Yesterday TUAW reported that Apple CEO Tim Cook and Samsung chief Kwon Oh Hyun were going to have a phone conversation to fulfill a request from Judge Lucy Koh and hopefully make some headway in their patent dispute. Well, they gave peace a chance, and AllThingsD reports that unfortunately the talks failed. That means that the jury will begin sifting through the mounds of evidence in the case starting tomorrow.
The case brings evidence in two separate lawsuits -- Apple's patent infringement suit against Samsung and a countersuit by Samsung against Apple. The jurors will have to look at the merits of more than twenty Samsung mobile phones and tablets and determine if each violates one of several patents in question. The jury also gets to deliberate on damages awarded to either company if they "win" an infringement claim against the other.
The companies submitted their proposed juror verdict forms to the court yesterday. Each of these documents, which can be viewed in their entirety on AllThingsD if you're fascinated by the case, is full of exhaustive lists of points that each juror must decide on. For each point, the jurors have to rule unanimously in order to find a party in violation of a patent. This explains why Judge Koh was so determined to have the CEOs meet and come to resolution, as both sides may find themselves no closer to a resolution of the patent dispute than when the long, expensive lawsuits began.
The Next Web reported that Samsung "scored a minor victory" yesterday. In July, another judge ruled that the jury should be told that Samsung improperly handled evidence in the case. Judge Koh agreed, but also felt that Apple had been lax in preserving evidence as well.

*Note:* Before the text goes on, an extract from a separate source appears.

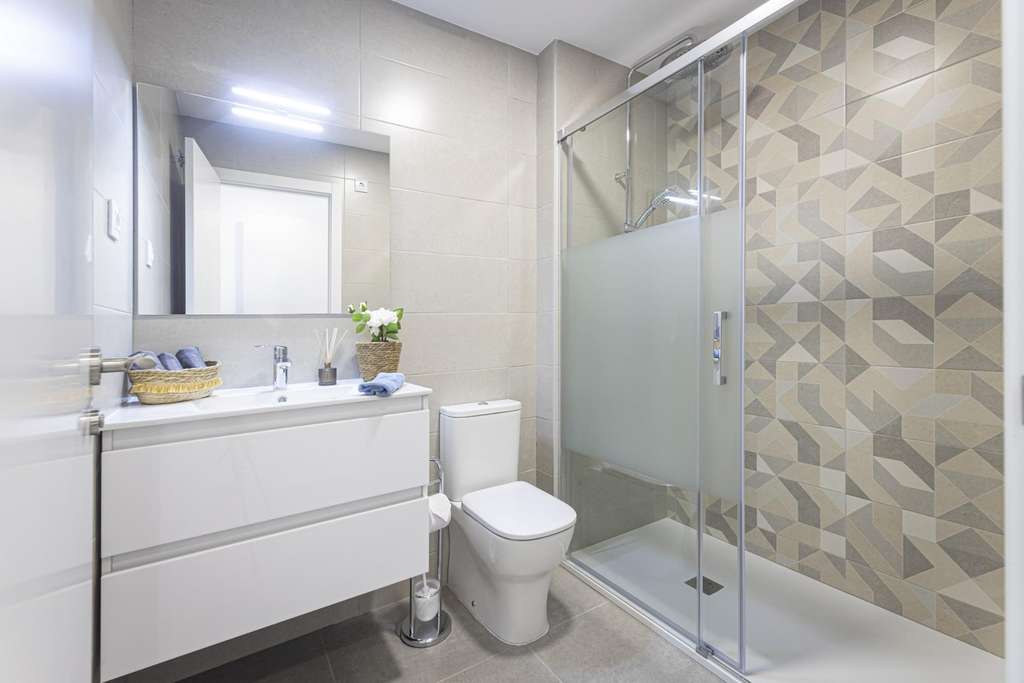 Apartamentos con puerta de entrada blindada y puertas lacadas en blanco con herrajes de acero inoxidable.

Apple lawyer Michael Jacobs asked Judge Koh yesterday afternoon about her final decision on the evidence handling, and she responded that she was ready to tell the jury that both sides were neglectful. Attorneys for Apple and Samsung then agreed that if something negative was going to be said to the jury about both parties, they'd be happier to just have the jury left in the dark about the issue.